Unlicensed gambling sites held 71% of the online betting and casino market in Europe last year, capturing €80.65 billion. The regulated sector grew by 30% and earned €33.64 billion, but unlicensed platforms increased faster. Many governments acted to make gambling safer, yet these actions helped illegal operators attract people with offers such as tax-free bonuses. Unlicensed gambling operators in 2024 took 71% of the online casino and betting market in Europe, which equals €80.65 billion ($93.8 billion), while officials had trouble reducing the impact of crypto casinos, prediction markets, and sites without licenses during a year of massive sports activity.
Yield Sec released information on Tuesday showing illegal gross gaming revenue, meaning the difference between bets placed and payouts, jumped 53% from 2023. The company, Yield Sec, checks online markets using data and says illegal sites are those operating without a local license in target markets or countries where they accept players. Analysis shows that, across 27 countries in the European Union, unlicensed operators’ growth rate was higher than the regulated market, which reached €33.64 billion after rising 30%.
European Gambling Market Surges to €114.3 Billion
The full market increased to €114.3 billion, a gain of 46% compared to the previous year. The European Casino Association, which represents legal businesses, commissioned this study. Across Europe, stricter rules were created by authorities, who wanted gambling harm to go down, including tighter restrictions on bonuses, advertisements, and even product types. Yield Sec reported that new regulations allowed illegal sites to reach more people with fast sign-up, tax-free perks, and illegal streams of sporting events. Yield Sec founder Ismail Vali said in an interview that if no monitoring or enforcement happens, organised crime keeps expanding, and it is important for legal businesses to cooperate more than before.

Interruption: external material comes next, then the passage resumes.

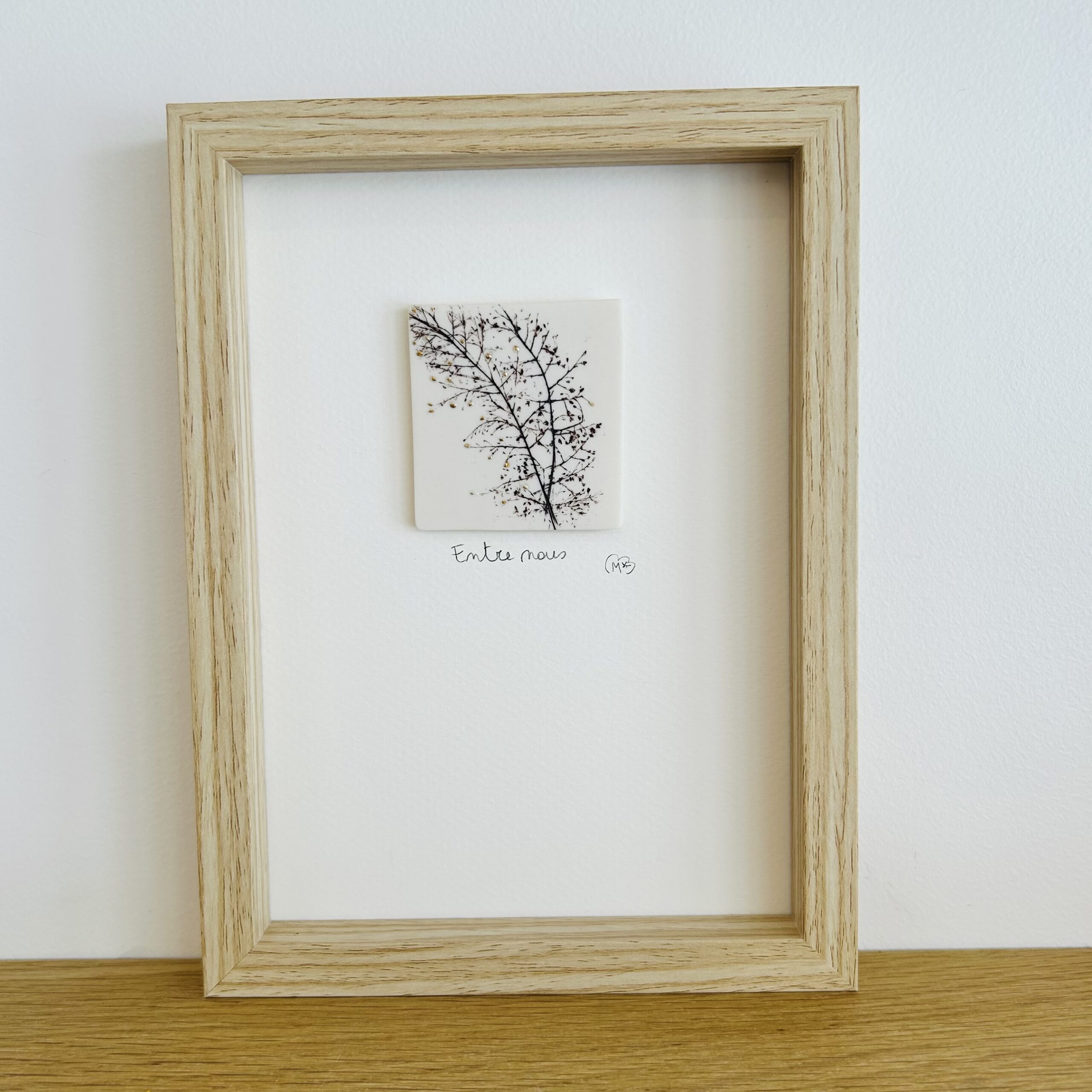 Impression végétale sur porcelaine, parfois travaillée aux oxydes ou pigments. La porcelaine est ensuite découpée, cuite plusieurs fois à haute température avant d’être collée en surépaisseur sur un support cartonné et encadrée, après avoir reçu le titre inspiré par la composition.

Growth of Illegal Gambling Drives European Market
The boom followed a busy sports year, including events like the Paris Olympics and Euro 2024 football, and these occasions sent many new users straight to online betting, often with offshore companies holding no European license, Yield Sec noted. Rising costs for sports TV packages caused more people to search for pirated streams, which turned into a tool for offshore betting firms to pull in new clients, according to Yield Sec’s reporting.
Yield Sec explained that its market figures are based on tracking user traffic by artificial intelligence and human review on search pages, social sites, streaming platforms, and apps and then estimating the value from every visit for each operator. In total, the company found 6,200 illegal gambling operators active in the European Union last year. Their data covers many types of betting products and businesses, including some counted by others as grey market or just unregulated.
Yield Sec notes that offshore sites often hold Curacao licenses but target customers in countries where they have no right to run their service. The European Gaming & Betting Association wrote in a March report that the total online gross gaming revenue (GGR) in Europe, counting all EU states and the UK, was €47.9 billion in 2024. That statistic from EGBA also counts lotteries played online, which are not included in Yield Sec’s research.